Видно было, что он не думает о том. что ему говорят, а только ловит слова для рифмования.
– Он ничего, парень душевный, и выпить не дурак, – продолжал Скучаев, наливая и себе и не обращая внимания на рифмачество Тишкова.
– Если выпить не дурак, значит парень так и сяк, – бойко крикнул Тишков и опрокинул рюмку в рот.
– А что с мамзелью вяжется, так это что же! – говорил Скучаев.
– От мамзели клопы в постели, – ответил Тишков.
– Кто богу не грешен, царю не виноват!
– Все грешим, все любить хотим.
– А он хочет грех венцом прикрыть.
– Грех венцом прикроют, подерутся и завоют.
Так разговаривал Тишков всегда, если речь шла не о деле его собственном. Он бы смертельно надоел всем, но к нему привыкли и уже не замечали его бойко произносимых скороговорок; только на свежего человека иногда напустят его. Но Тишкову было все равно, слушают его или нет; он не мог не схватывать чужих слов для рифмачества и действовал с неуклонностью хитро придуманной машинки-докучалки. Долго глядя на его расторопные, отчетливые движения, можно было подумать, что это не живой человек, что он уже умер, или и не жил никогда, и ничего не видит в живом мире и не слышит ничего, кроме звенящих мертво слов.
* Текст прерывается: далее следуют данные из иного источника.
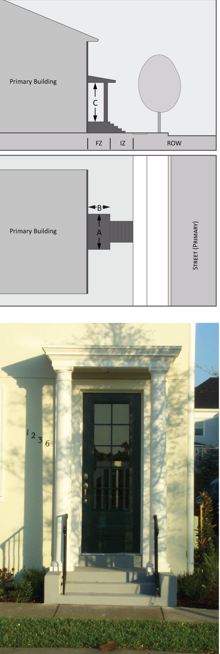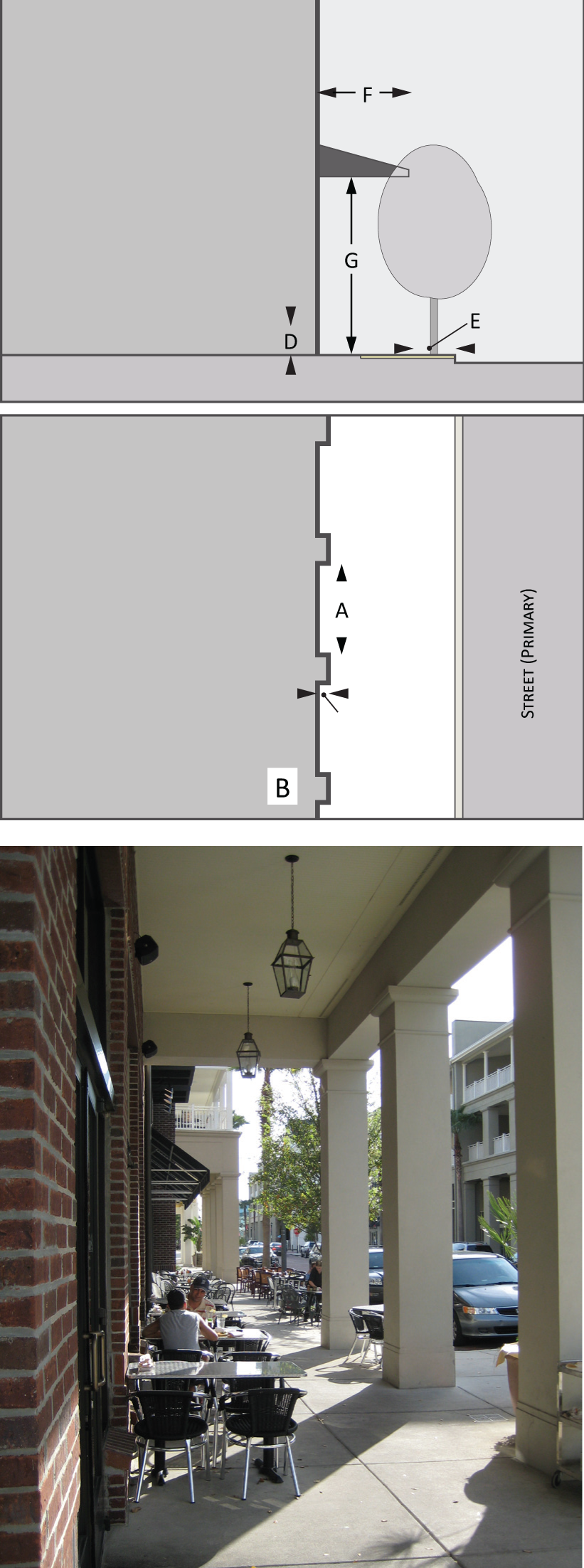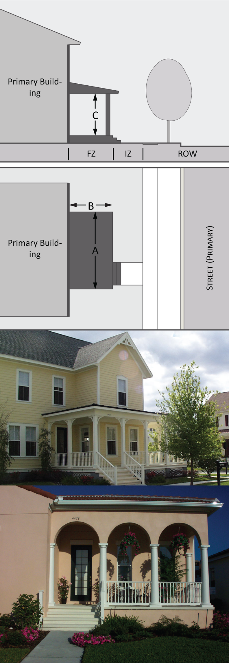 The following private frontages are either required or permitted by building type and/or district as provided in the tables on each building type. The specific parameters for each private frontage are illustrated in this section.

На другой день Передонов пошел к прокурору Авиновицкому.
Опять была пасмурная погода. Ветер налетал порывами и нес по улицам пыльные вихри. Близился вечер, и все освещено было просеянным сквозь облачный туман, печальным, как бы не солнечным светом. Тоскою веяло затишье на улицах, и казалось, что ни к чему возникли эти жалкие здания, безнадежно-обветшалые, робко намекающие на таящуюся в их стенах нищую и скучную жизнь. Люди попадались, – и шли они медленно, словно ничто ни к чему их не побуждало, словно едва одолевали они клонящую их к успокоению дремоту. Только дети, вечные, неустанные сосуды божьей радости над землею, были живы и бежали, и играли, – но уже и на них налегла косность, и какое-то безликое и незримое чудище, угнездясь за их плечами, заглядывало порою глазами, полными угроз, на их внезапно тупеющие лица.
Среди этого томления на улицах и в домах, под этим отчуждением с неба, по нечистой и бессильной земле, шел Передонов и томился неясными страхами, – и не было для него утешения в возвышенном и отрады в земном, – потому что и теперь, как всегда, смотрел он на мир мертвенными глазами, как некий демон, томящийся в мрачном одиночестве страхом и тоскою.
Его чувства были тупы, и сознание его было растлевающим и умертвляющим аппаратом. Все доходящее до его сознания претворялось в мерзость и грязь. В предметах ему бросались в глаза неисправности и радовали его. Когда он проходил мимо прямостоящего и чистого столба, ему хотелось покривить его или испакостить. Он смеялся от радости, когда при нем что-нибудь пачкали. Чисто вымытых гимназистов он презирал и преследовал. Он называл их ласкомойками. Неряхи были для него понятнее. У него не было любимых предметов, как не было любимых людей, – и потому природа могла только в одну сторону действовать на его чувства, только угнетать их. Также и встречи с людьми. Особенно с чужими и незнакомыми, которым нельзя сказать грубость. Быть счастливым для него значило ничего не делать и, замкнувшись от мира, ублажать свою утробу.
А вот теперь приходится поневоле, – думал он, – итти и объясняться. Какая тягость! Какая докука! И еще если бы можно было напакостить там, куда он идет, а то нет ему и этого утешения.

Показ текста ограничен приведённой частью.